2. Install Ollama on the host: curl -fsSL https://ollama.com/install.sh | sh
3. Pull a small model: ollama pull qwen2.5:0.5b
4. Install NemoClaw: curl -fsSL https://www.nvidia.com/nemoclaw.sh | bash
5. At [3/8] inference menu, choose option 7 "Local Ollama (localhost:11434) — running (suggested)"
6. Pick the qwen model, complete onboard with sandbox name "brev-ollama".
7. Onboard prints "Installation complete" and a healthy summary.
8. Connect: nemoclaw brev-ollama connect
9. Inside sandbox: openclaw agent --agent main -m "hello" --session-id e2e
10. Observe the agent hangs indefinitely with no response.

Expected Result

Either onboard runs a smoke-test inference call at the end of the configured route and refuses to print "Installation complete" if the sandbox cannot reach the auth proxy, or onboard's preflight detects active UFW + missing rule for the auth proxy port and either auto-installs the rule (with user consent) or fails with an actionable error pointing at the exact ufw allow command.Actual Result

Onboard prints "Installation complete" and nemoclaw status reports Inference: healthy (http://127.0.0.1:11434/api/tags). The first sandbox-side inference call hangs.

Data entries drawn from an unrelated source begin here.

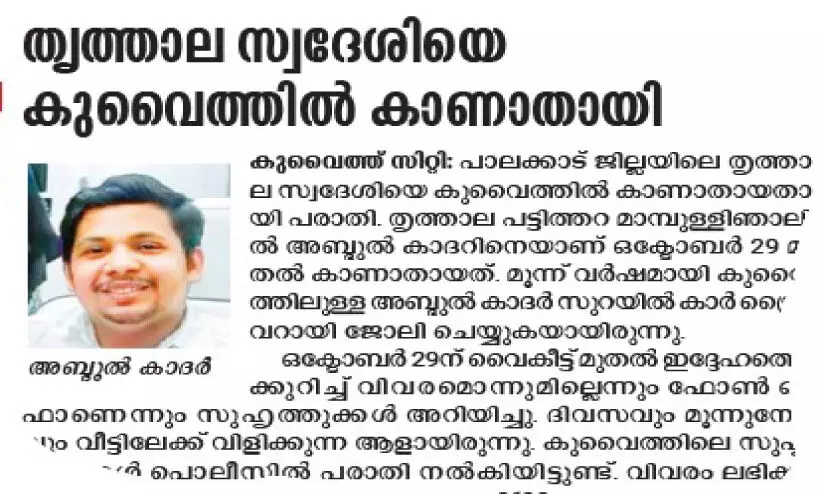 text_fieldsകുവൈത്ത് സിറ്റി: കുവൈത്തിൽ കാണാതായ പാലക്കാട് തൃത്താല സ്വദേശി മമ്പുള്ളിഞ്ഞാലിൽ അബ്ദുൽ ഖാദിർ പൊലീസ് കസ്റ്റഡിയിൽ. സ്പോൺസർ നൽകിയ പരാതിയെ തുടർന്നാണ് ഇദ്ദേഹത്തെ കസ്റ്റഡിയിൽ എടുത്തത്. നിയമ നടപടികൾക്കു ശേഷം അബ്ദുൽ ഖാദിറിനെ നാട്ടിലേക്ക് കയറ്റി അയക്കുമെന്നും സ്പോൺസറുമായി ബന്ധപ്പെട്ടവർ അറിയിച്ചു. അബ്ദുൽ ഖാദിറിന്റെ പാസ്പോർട്ടും മറ്റു രേഖകളും പൊലീസിന് സമർപ്പിച്ചിട്ടുണ്ട്. ബുധനാഴ്ച വൈകീട്ടോടെയാണ് അബ്ദുൽ ഖാദിറിനെ കാണാതായത്.
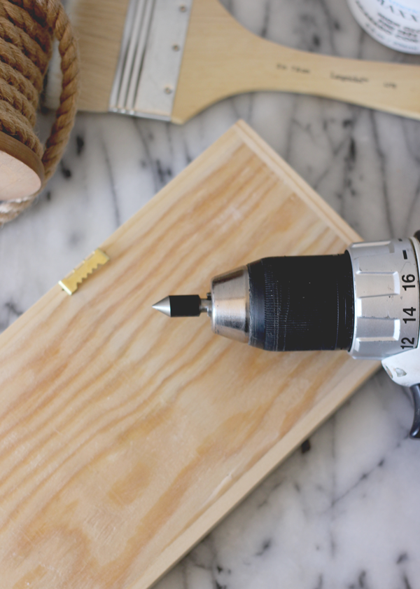 i found this plank with a small frame at michaels (i think it was meant to hang on a wall as a sign, it had all the hooks on the back, no biggie to leave them), rope, white paint, gorilla glue, two small wood pieces to use as feet, and a drill.
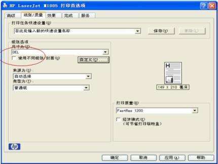 3、在打印首选项中选择纸张/质量下尺寸为自定义纸张,然后点确定;
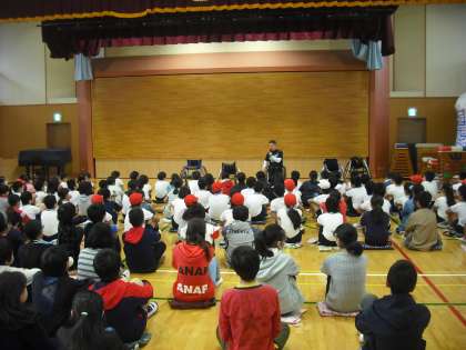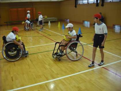 パラリンピックの競技種目、車椅子バスケットボールについて講演をしていただき、車椅子バスケットボール体験を行いました。
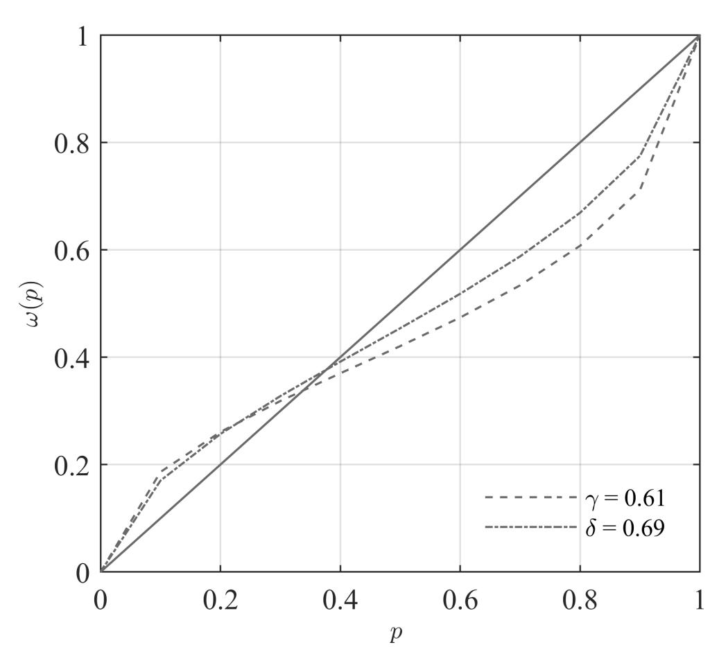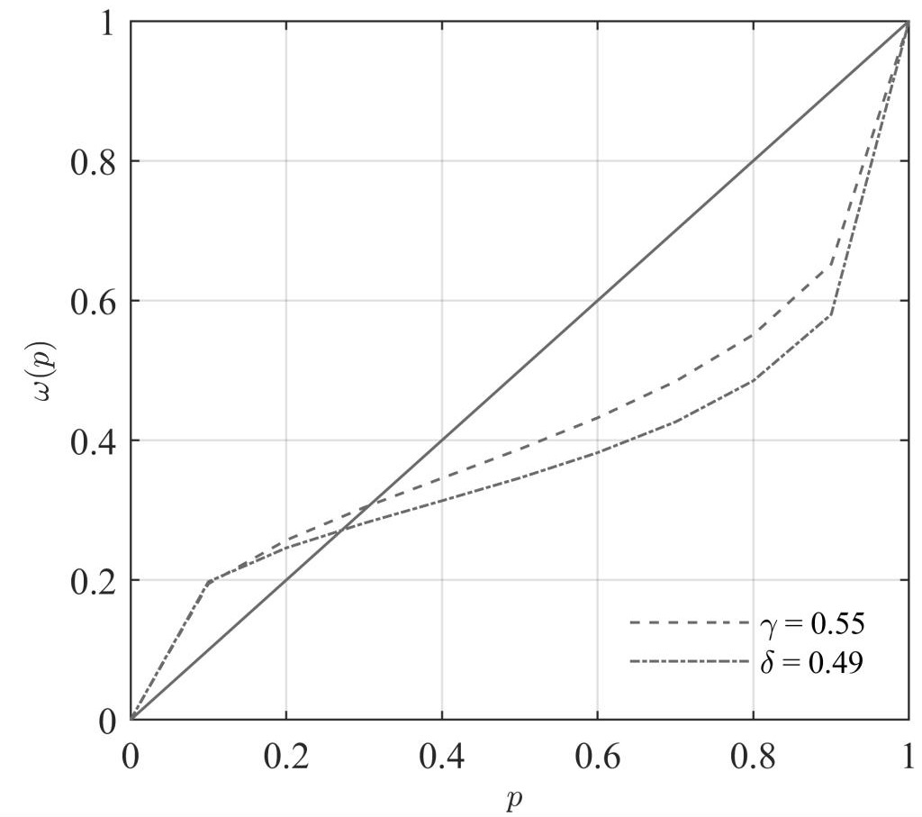 (中国实验的概率权重函数曲线)
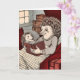 A detailed illustration depicts a great hedgehog, probably a mother, sitting on a chair and reading a book to a smaller hedgehog, presumably her child. The mother wears a white dress with a white collar, while the child is dressed in a brown shirt with a white collar. The book is open and has a dark red cover. The stage is lit by a lamp with a white lampshade, shining a warm glow on the hedgehogs.
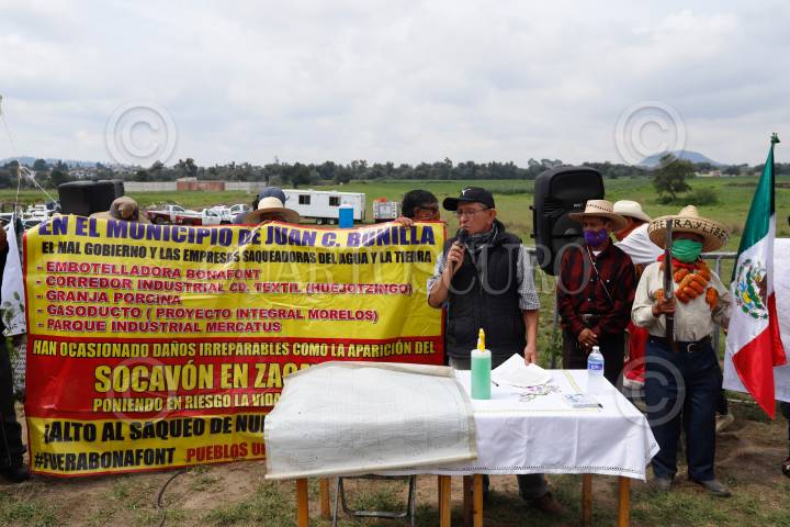 Integrantes del Frente de Pueblos en Defensa de la Tierra y el Agua ofrecieron su posicionamiento ante el surgimiento del socavón en Juan C. Bonilla, Puebla.
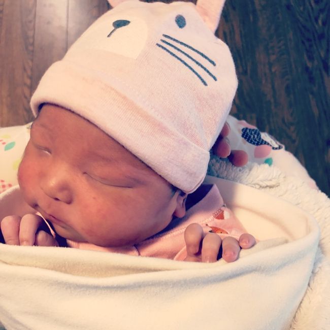 공개된 사진 속에는 토끼 모자를 쓴 채 잠들어 있는 선예의 딸 유진의 모습이 담겨 있다.
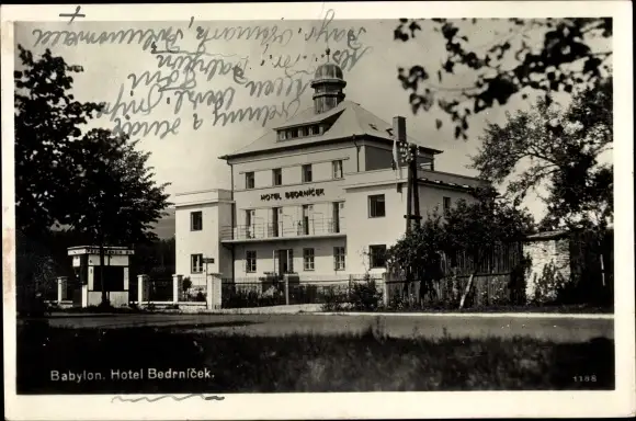 Ak Babylon, Blick aufs Hotel Bedrnicek mit Bäumen
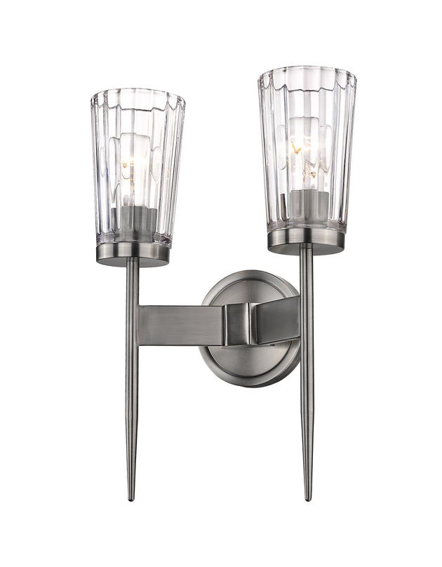 Regular price $81.902 Light Wall Sconce Flair demonstrates elegance in its meticulously designed silhouette. Exquisitely flared glass shades sit upon an extended stem, creating an impression of balance and simplicity. The Polished Antique Nickel finish highlights the sleek... -
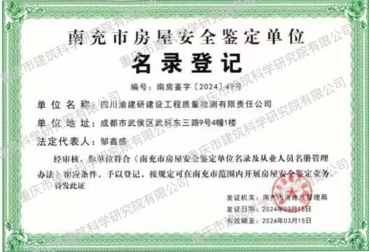 該項名錄登記單位資格的取得,標志著四川渝建研公司在房屋安全鑒定領域的專業(yè)資質和實力得到了南充市相關部門的認可,公司將有更多機會參與到南充市各類房屋安全鑒定項目中,為更多客戶提供專業(yè)、高效的服務。

Diagnostic probes from inside the sandbox confirm the host-side proxy is unreachable:

# Inside sandbox before UFW workaround:

$ curl -sm 5 -o /dev/null -w "%{http_code}\n" http://host.openshell.internal:11435/v1/models

000        # connection refused / SYN dropped by UFW on host

inference.local goes through the gateway and is itself reachable, but the
upstream call from gateway → host:11435 fails the same way, so any path
that ends at the auth proxy is dead from inside the sandbox.
Host side shows the proxy is listening:
$ ss -tlnp | grep 11435

LISTEN 0 511 0.0.0.0:11435 0.0.0.0:* users:(("node",pid=...))
UFW status:
$ sudo ufw status

Status: active

22/tcp     ALLOW IN    Anywhere

2222/tcp   ALLOW IN    Anywhere

(no rule for 11435)

Workaround

Add a UFW rule that allows the docker bridge subnets to reach the auth proxy port, then re-run inference:

sudo ufw allow from 172.16.0.0/12 to any port 11435 proto tcp

After the rule is added, the sandbox-side probe goes from HTTP 000 (connection blocked) to HTTP 401 (proxy reached, token required — expected) and the in-sandbox openclaw agent --agent main -m "hello" returns a normal response.Suggested Fixes

Highest impact: end-of-onboard inference smoke test (covered by NVBug 6158325 as a generic enhancement). A single chat-completion through the just-configured route would have caught this immediately and prevented the silent "Installation complete" claim.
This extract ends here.